Cryogenic Treatment of Tubes, and why you should not.


Came across this paper while ago on cryo treating tubes and thought iI'd share it here.  There is some other great information on tubes on the site as well. 

Cryogenic Treatment of Tubes: An Engineer’s Perspective - Effectrode

glennewdick

Showing 1 response by mulveling

It’s a (maybe) engineer pondering things. In parts interesting, in parts long-winded, definitely not scientifically rigorous - just pondering, which I do a lot of myself. All we can really do is decide for ourselves. I have indeed thought about the "structrual" problem, and subjecting tubes to an unecessary freezing cycle. But what do I know? I’m not a structural, materials, chemical, electrical, nor tube engineer. Tubes don’t have a virtual machine or compiler for me to get into how they work.
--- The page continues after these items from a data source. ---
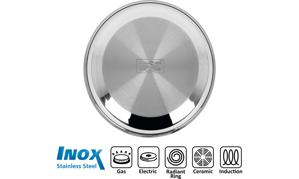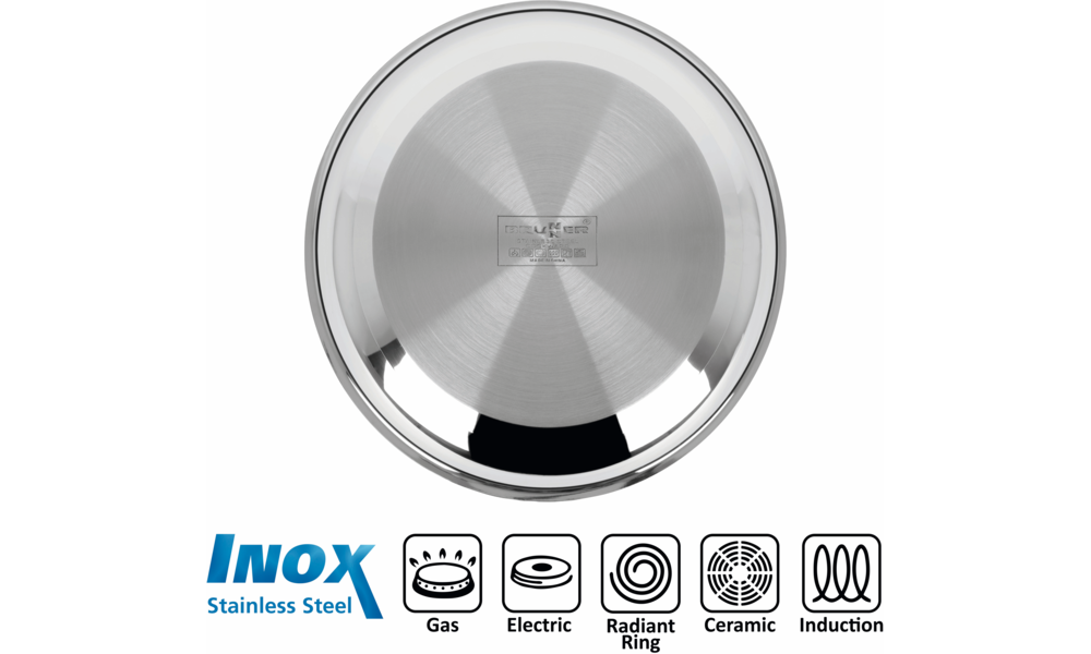 Qualitativ hochwertige Topfsetkollektion in platzsparendem Design. Töpfe und Deckel sind aus hochwertigem, spiegelglänzendem Edelstahl gefertigt. Bestens geeignet für Gas-, Elektro-, Keramik- und Induktionsherde. Spülmaschinengeeignet.
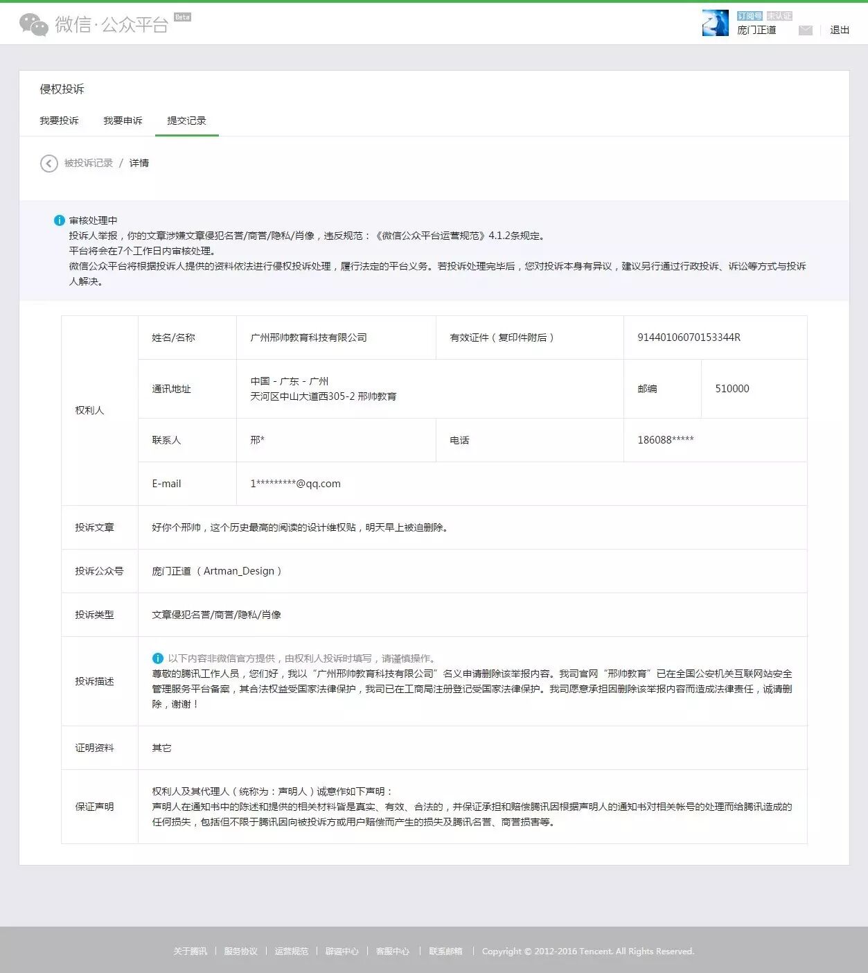现收到“广州邢帅教育科技有限公司”举报您在站酷网发布作品
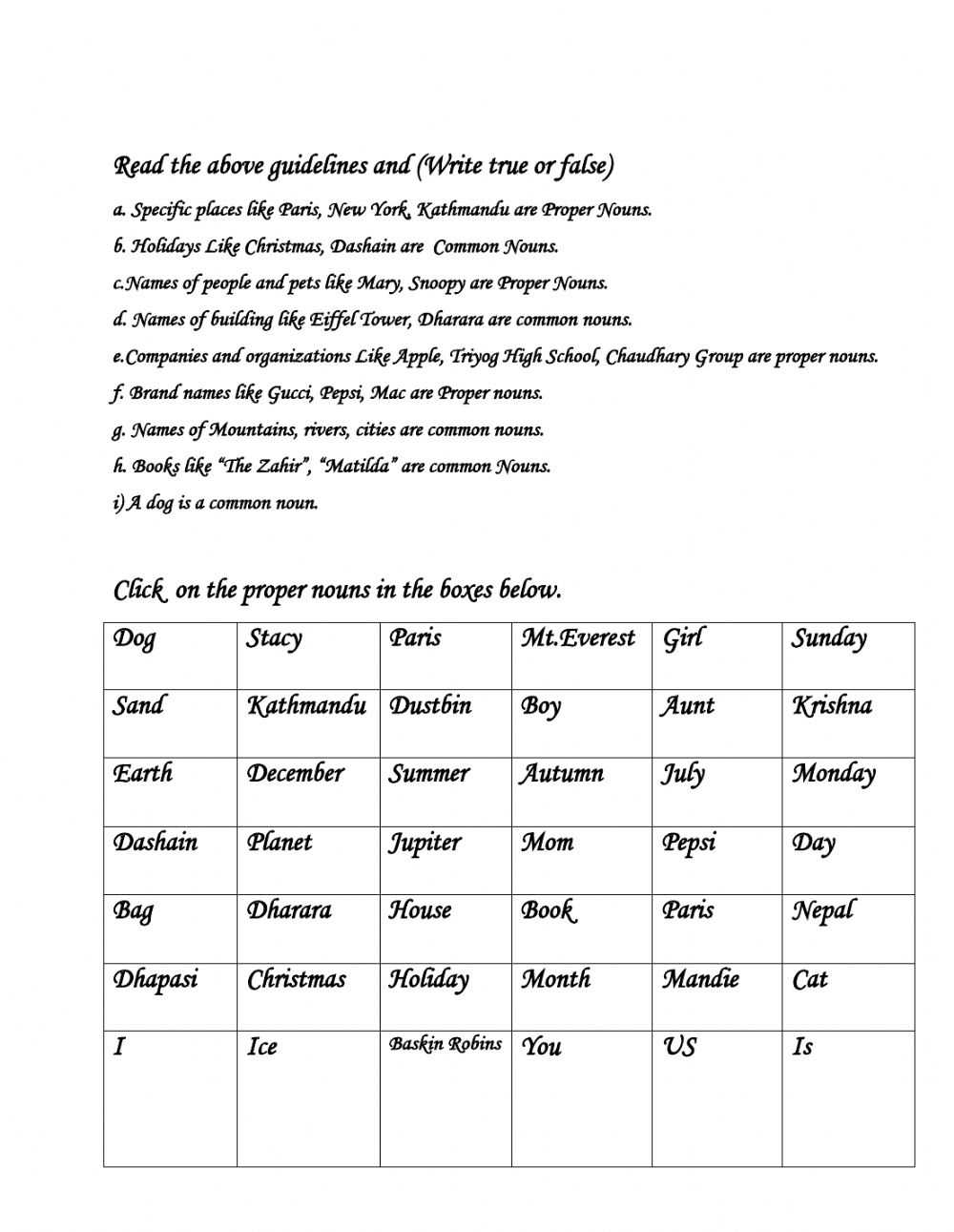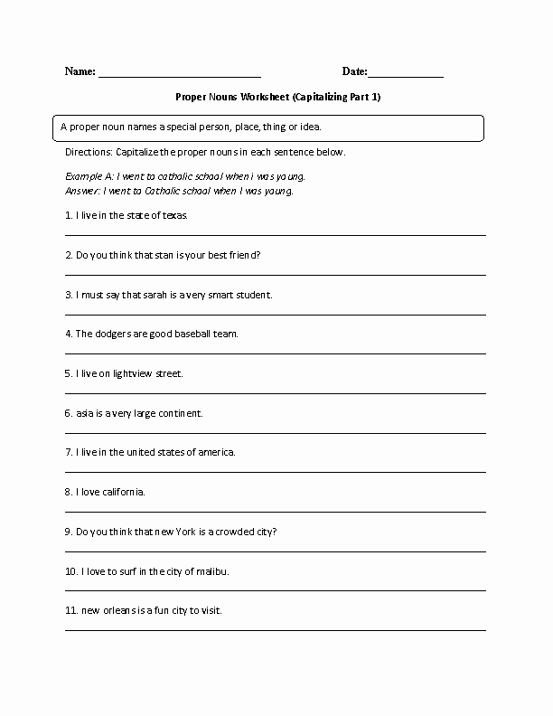 Finally, the worksheet should include a few fill-in-the-blank exercises, in which students will be asked to provide proper nouns for a given sentence. This will help them to understand how proper nouns are used in writing.

I’ve had cryo tubes from various sources over the years. At times I thought some of them sounded "awfully" good for that tube type/brand. So when I started regularly buying sets of 6H30 and KT120 from Upscale (every 2 years or so), I would often tick the "Cryo" option, at an extra 8 bucks a tube. Did this for several sets over the years. But then just stopped - realized I wasn’t hearing a meaningful difference versus non-cryo sets of the same tubes. Got a mix of both now in my stash. But I haven’t bought cryo in years and won’t anymore.  I won’t kick the cypos out of the stash either, but it’s just a "meh" and "cool sticker" when I think about it now. Nothing takes the "exotic" feeling out of something like repitition and familiarity.